__Problem statement__. Each line of the data below between the one containing "In the Collographs, Francia" and the one containing "윈도우에서는 IDT(Inturrupt Descriptor", both included, is to be repeated exactly. Please omit pictures.

Start of Task data

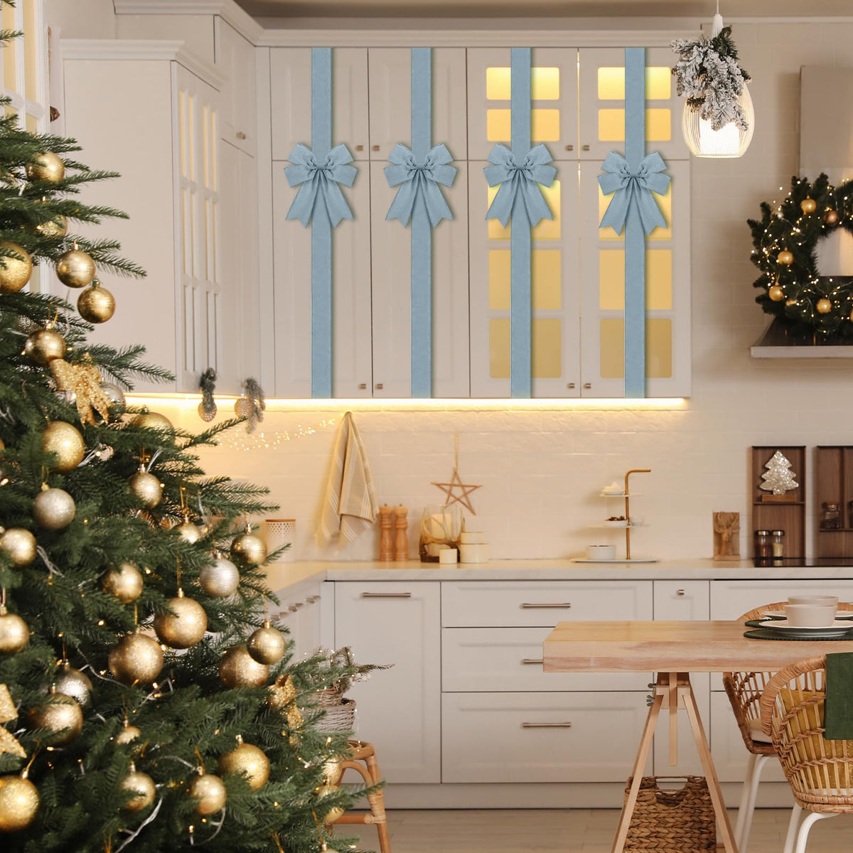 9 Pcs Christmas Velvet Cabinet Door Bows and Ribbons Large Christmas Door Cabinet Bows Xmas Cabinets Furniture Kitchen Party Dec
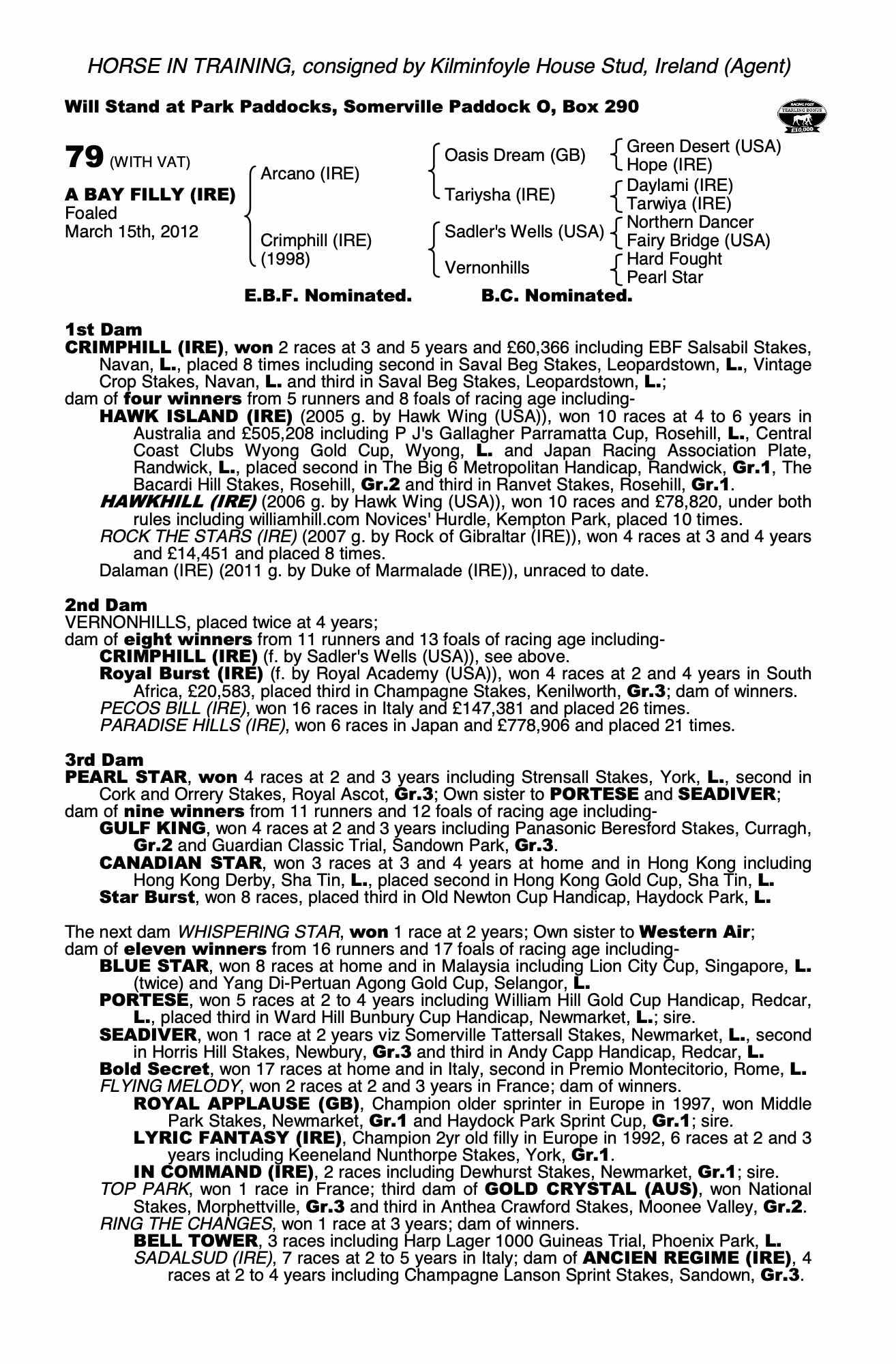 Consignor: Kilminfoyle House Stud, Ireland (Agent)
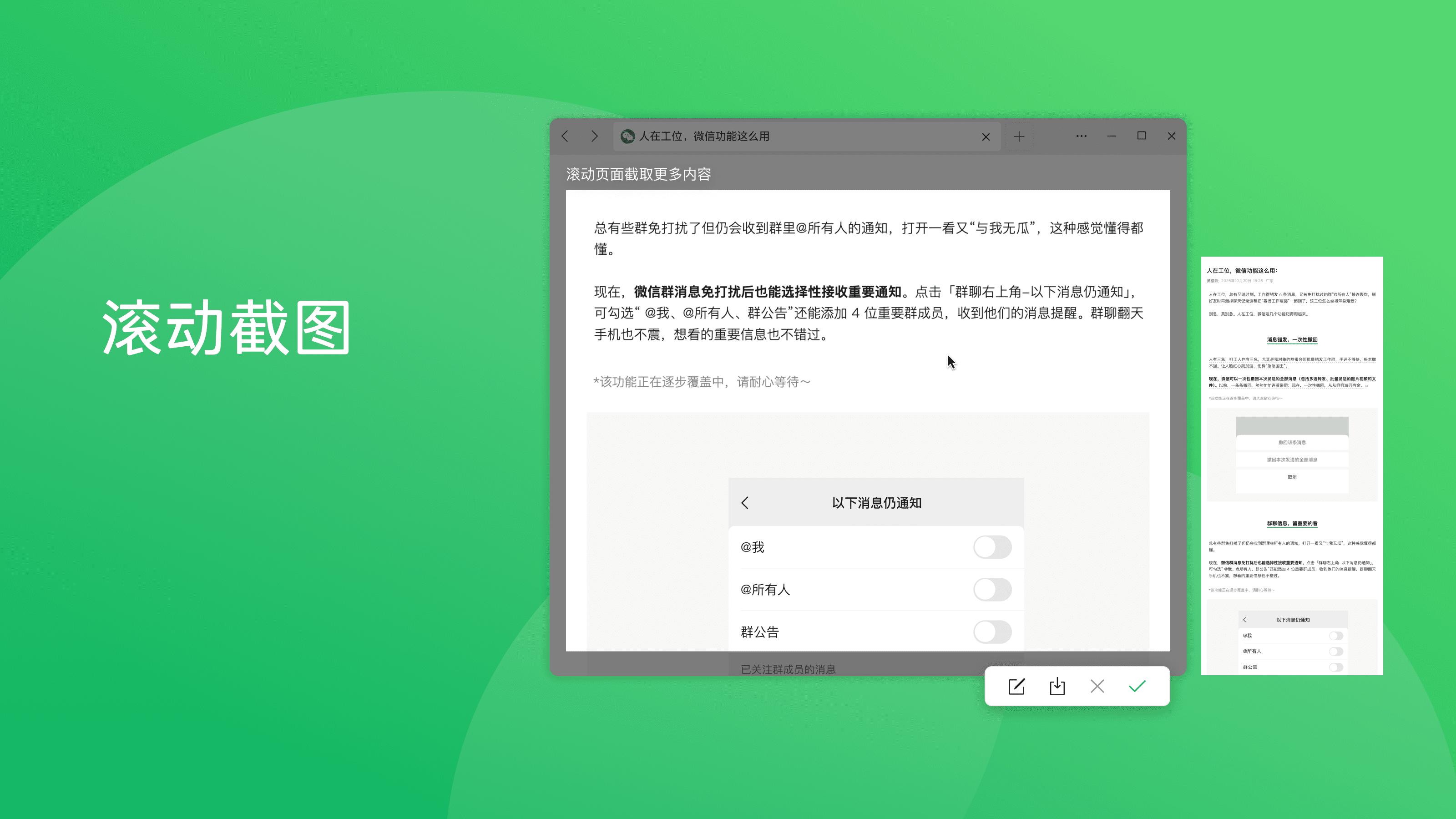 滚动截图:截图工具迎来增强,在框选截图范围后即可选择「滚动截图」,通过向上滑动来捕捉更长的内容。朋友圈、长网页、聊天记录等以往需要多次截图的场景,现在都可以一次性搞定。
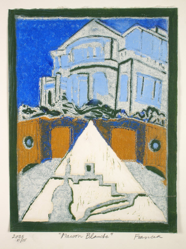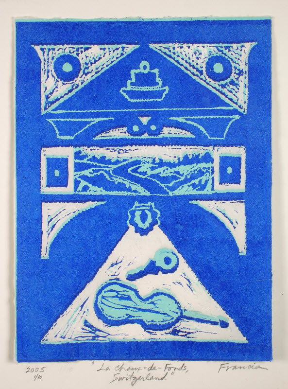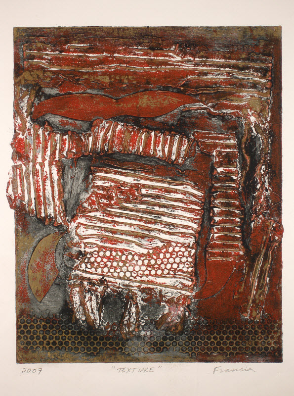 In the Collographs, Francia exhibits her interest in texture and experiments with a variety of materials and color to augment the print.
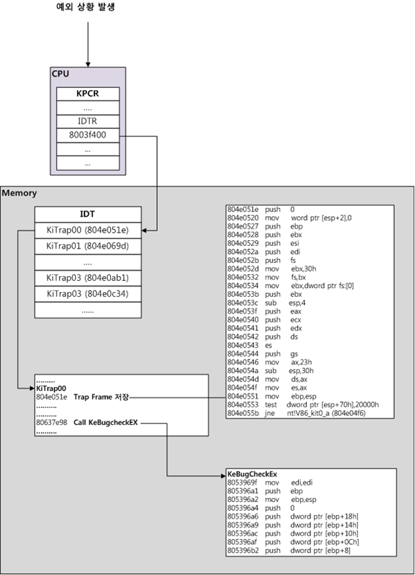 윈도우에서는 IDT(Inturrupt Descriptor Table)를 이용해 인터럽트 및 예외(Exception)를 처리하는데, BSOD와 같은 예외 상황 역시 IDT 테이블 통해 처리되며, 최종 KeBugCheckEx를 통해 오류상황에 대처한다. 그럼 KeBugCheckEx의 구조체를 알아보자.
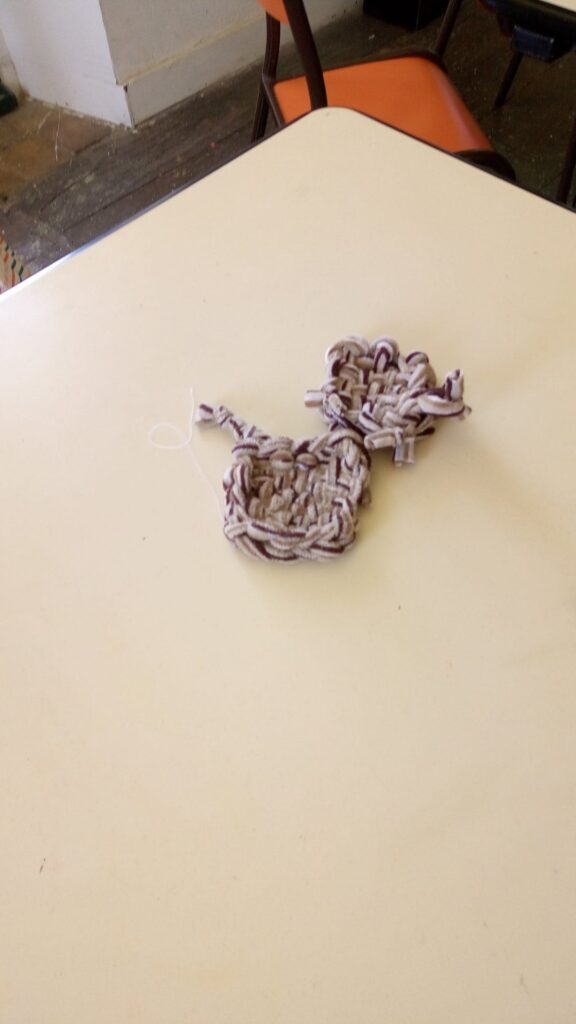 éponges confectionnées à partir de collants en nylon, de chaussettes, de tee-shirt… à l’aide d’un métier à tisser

End of Task data

__Your solution__.
 In the Collographs, Francia exhibits her interest in texture and experiments with a variety of materials and color to augment the print.
 윈도우에서는 IDT(Inturrupt Descriptor Table)를 이용해 인터럽트 및 예외(Exception)를 처리하는데, BSOD와 같은 예외 상황 역시 IDT 테이블 통해 처리되며, 최종 KeBugCheckEx를 통해 오류상황에 대처한다. 그럼 KeBugCheckEx의 구조체를 알아보자.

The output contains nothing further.